Might be a foolish questuon and i understand you couldnt make any large amounts but did anyone start with the mr beer thing?


----------



## HIM

I didn't buy I've read about many who have. I think the yeast they come with sucks though IIRC. I've heard good things about the kits companies like Midwest Brew Supply or Austin Homebrew put out though.


----------



## mcwilcr

iAn, I don't use the mr beer kits either but I know a lot of people do use them and make beer that they are totally satisfied with. I would also recommend that you use a different yeast since most are of better quality than what comes with the mr beer and you will be more likely to produce something you enjoy.


----------



## mcwilcr

HIM said:


> So kick ass I had to mention it on 2 forums lol... Smoking a LP 9 while hanging out with the owner of Nodding Head Brewery, the owner of Trogue Brewery, owner of Iron Hill Pub, KC from Flying Fish Brewery, as well as the rep from Left Hand who's picture is on the Stranger case. These guys are ****ing awesome!!! Who woulda thought these guys would be sitting here Icing each other lmao. That's right.... Brewery owners playing the Smirnoff Ice game, wish I had better words to put this, just ****ing awesome!!!


Completely Jealous of you right now...


----------



## HIM

It was pretty F-ing sweet to say the least.


----------



## mcwilcr

Bottled my Belgian dark strong last night after letting it bulk age for about 2 months. I figure I'll give it a couple months in the bottle before I crack one and I'll cellar about half of the batch to not be touched until this time next year. The glass that I sampled yesterday though has me drooling in anticipation of this beer being ready. This is going to be a hard batch to leave alone.


----------



## HIM

Gotta love and hate those. The temptations always killer. Helps if your stocked up on beer though.


----------



## mcwilcr

HIM said:


> Gotta love and hate those. The temptations always killer. Helps if your stocked up on beer though.

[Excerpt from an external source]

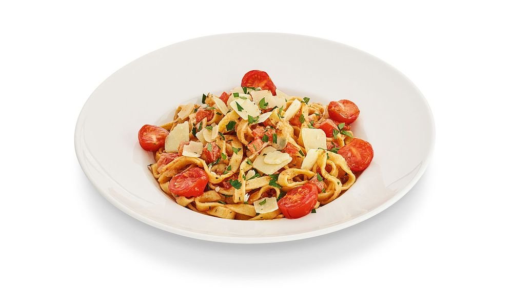 Tagliatelle, Cherrytomaten, Bruschetta-Mix, Parmesan, Tomatensauce, Käsesauce, Petersilie

Luckily for me I'm always stocked up on beer. right now I have 4 different homebrews and a decent selection of microbrews.


----------



## HIM

mcwilcr said:


> Luckily for me I'm always stocked up on beer. right now I have 4 different homebrews and a decent selection of microbrews.


We sound very similar. I have about 4 or 5 cases of homebrews, consisting of 4 different beers. And about 2 cases worth of micros, consisting of about 10 different beers. I do a lot of beer reviews so I'm always stocking up on new stuff. That's also not including all the beers I have aging. Which is a stock pile of 120s, Palo Santo, Immort Ale, Holy Mackeral, and Bigfoot. Most of which is over a year old at this point.


----------



## Sumatra Samurai

Currently drinking my oatmeal stout but looking for a good recipe for my next batch. Anyone have a Nitro milk stout clone?...


----------



## mcwilcr

Sumatra Samurai said:


> Currently drinking my oatmeal stout but looking for a good recipe for my next batch. Anyone have a Nitro milk stout clone?...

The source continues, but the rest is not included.